## Record set
•••

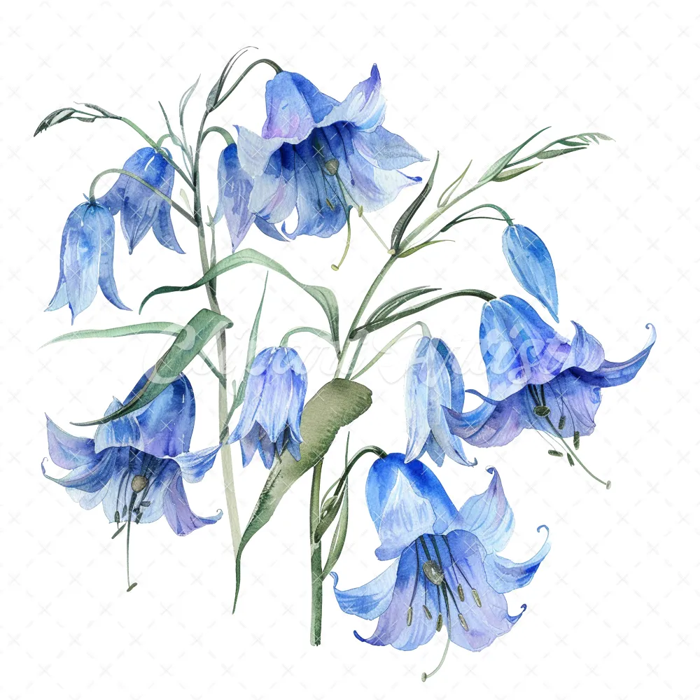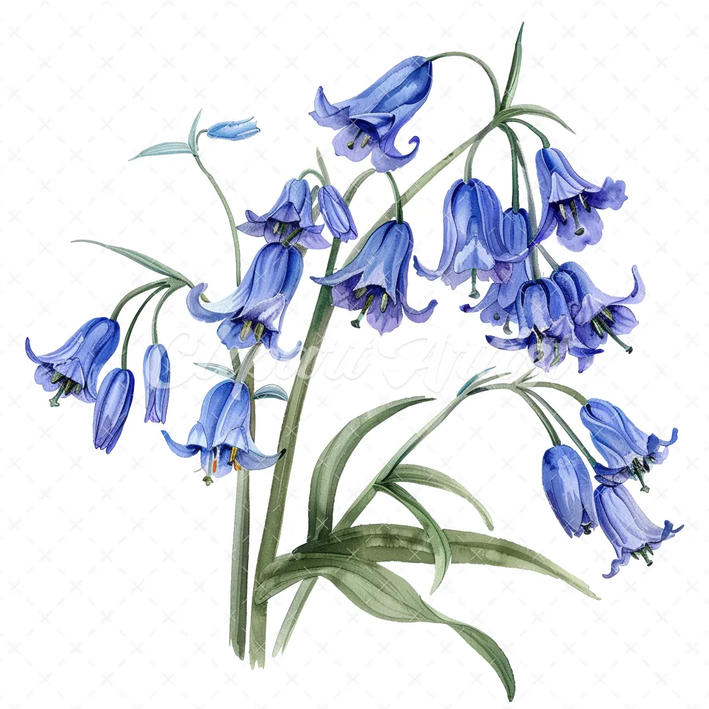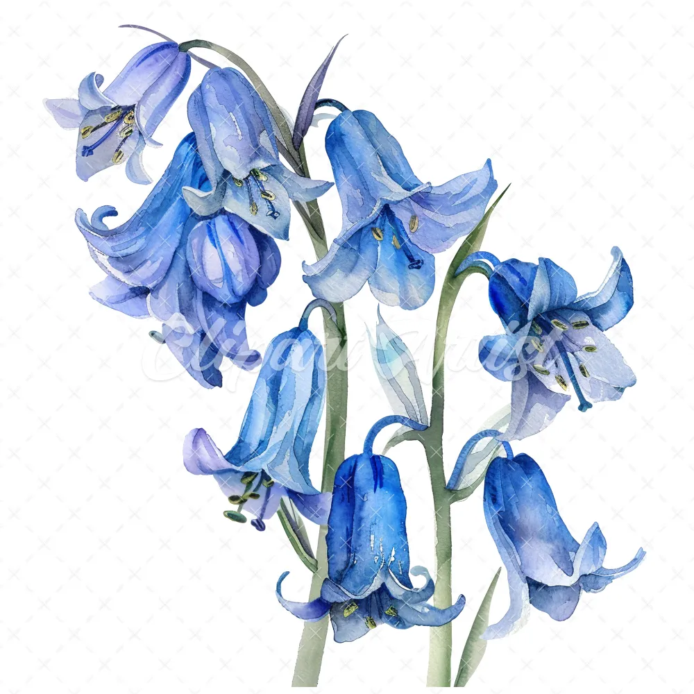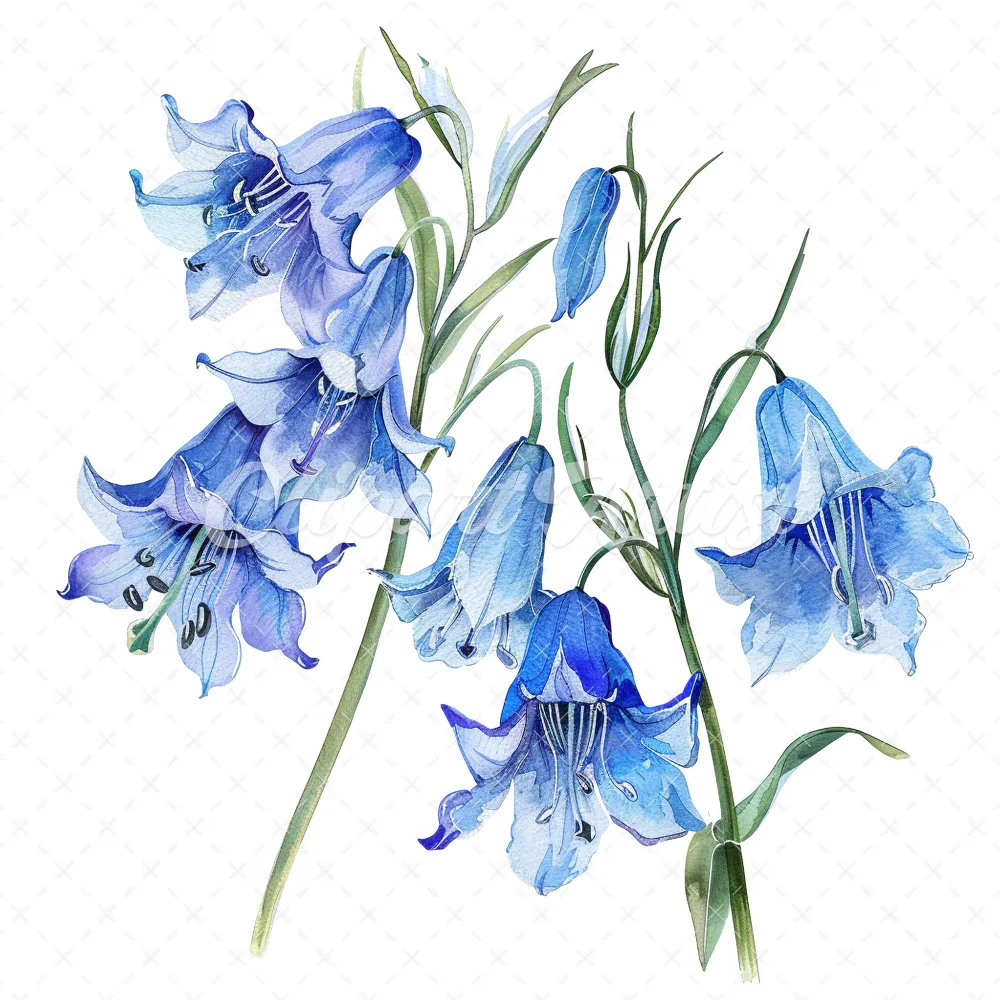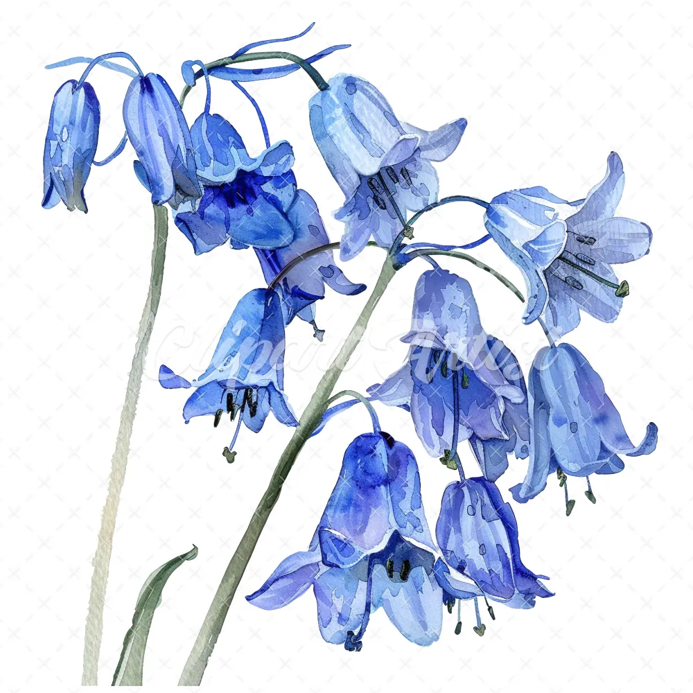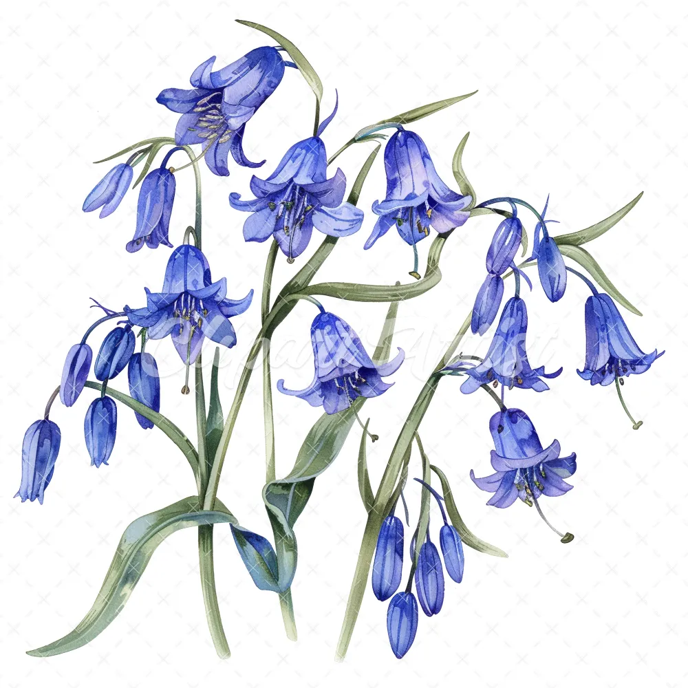 21 High-Quality Bluebells Clipart – Bluebells flowers digital watercolor JPG instant download for commercial use – Digital download
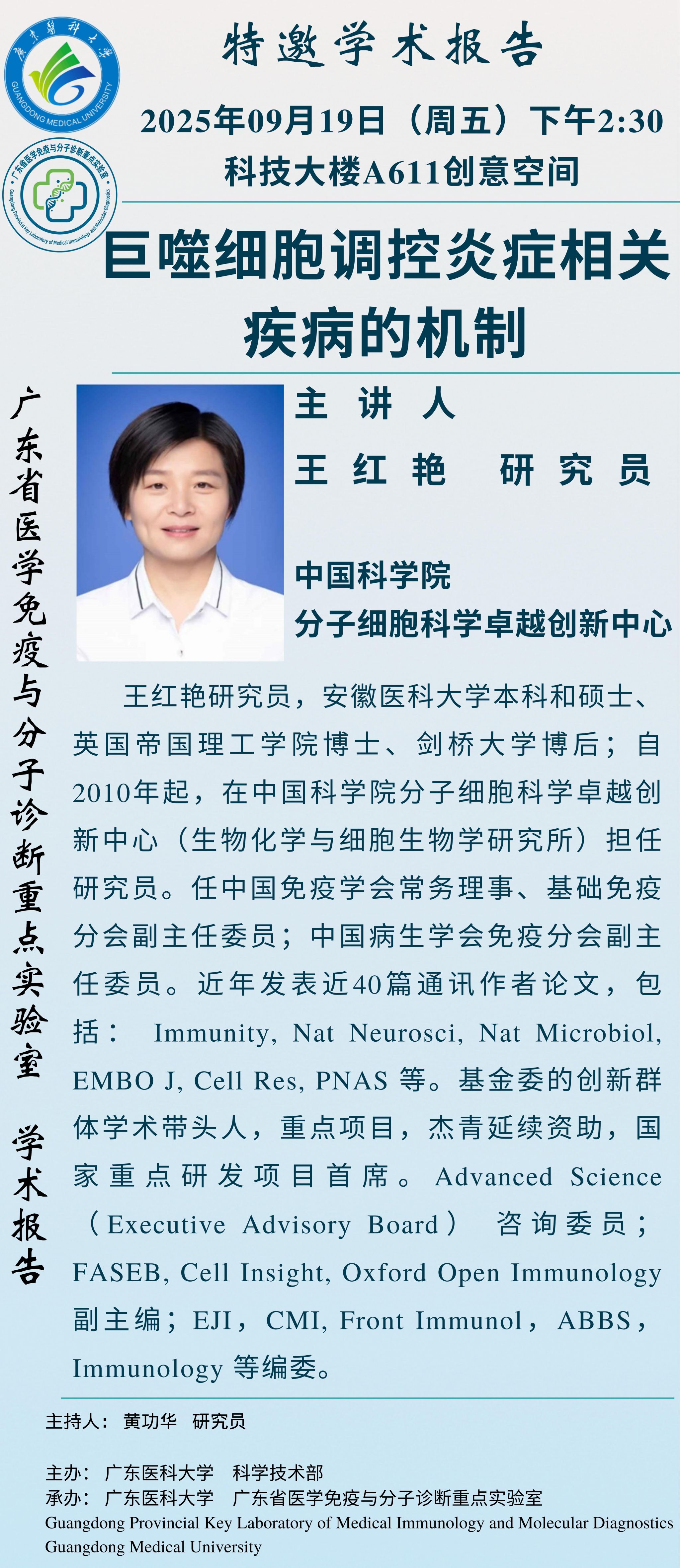 特邀学术报告第37讲|中国科学院分子细胞科学卓越创新中心:王红艳研究员
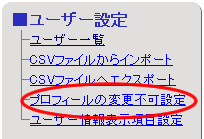 【ユーザー設定】欄の[プロフィールの変更不可設定]リンクを押します。
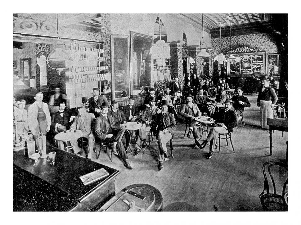 Local, de enorme éxito entre el público masculino, anunciaba sus servicios de “gran surtido de bombones, chocolates y dulces de todas clases - Casa especial en cocktails, café y chocolates - Vinos finos de Oporto, Jerez, Málaga, etc.- cigarrillos habanos de las mejores marcas”.
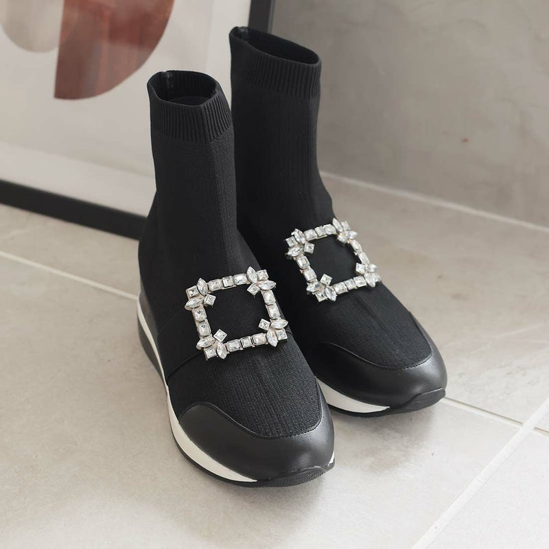 ・乙女心くすぐるキラキラビジューバックルが輝く主役級スニーカーブーツ!
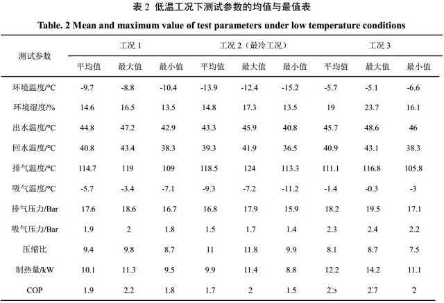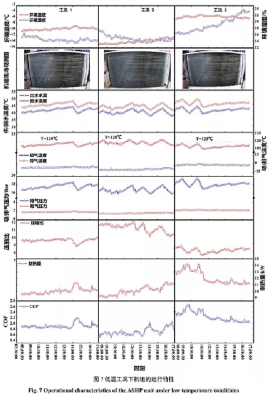(3)最冷工況下,環(huán)境溫度均值-13.9℃,壓縮機(jī)平均排氣溫度為118.5℃,最高達(dá)到124℃,且機(jī)組有25%的時(shí)間其排氣溫度超過120℃,最高壓縮比達(dá)到11.7;運(yùn)行期間機(jī)組頻繁發(fā)生“無霜除霜”的誤除霜事故以及頻繁停機(jī)的運(yùn)行故障,機(jī)組的平均制熱量僅為9.9kW,COP為1.71,當(dāng)溫度低至-15.2℃時(shí),制熱量衰減幅度高達(dá)55%,COP僅為1.49?梢,低溫嚴(yán)重影響熱泵的正常運(yùn)行。

•••

## Exercise description
Each line of the data above is to be output exactly; the pictures are not to appear.

## Answer for this exercise
 21 High-Quality Bluebells Clipart – Bluebells flowers digital watercolor JPG instant download for commercial use – Digital download
 特邀学术报告第37讲|中国科学院分子细胞科学卓越创新中心:王红艳研究员
 【ユーザー設定】欄の[プロフィールの変更不可設定]リンクを押します。
 Local, de enorme éxito entre el público masculino, anunciaba sus servicios de “gran surtido de bombones, chocolates y dulces de todas clases - Casa especial en cocktails, café y chocolates - Vinos finos de Oporto, Jerez, Málaga, etc.- cigarrillos habanos de las mejores marcas”.
 ・乙女心くすぐるキラキラビジューバックルが輝く主役級スニーカーブーツ!
(3)最冷工況下,環(huán)境溫度均值-13.9℃,壓縮機(jī)平均排氣溫度為118.5℃,最高達(dá)到124℃,且機(jī)組有25%的時(shí)間其排氣溫度超過120℃,最高壓縮比達(dá)到11.7;運(yùn)行期間機(jī)組頻繁發(fā)生“無霜除霜”的誤除霜事故以及頻繁停機(jī)的運(yùn)行故障,機(jī)組的平均制熱量僅為9.9kW,COP為1.71,當(dāng)溫度低至-15.2℃時(shí),制熱量衰減幅度高達(dá)55%,COP僅為1.49?梢,低溫嚴(yán)重影響熱泵的正常運(yùn)行。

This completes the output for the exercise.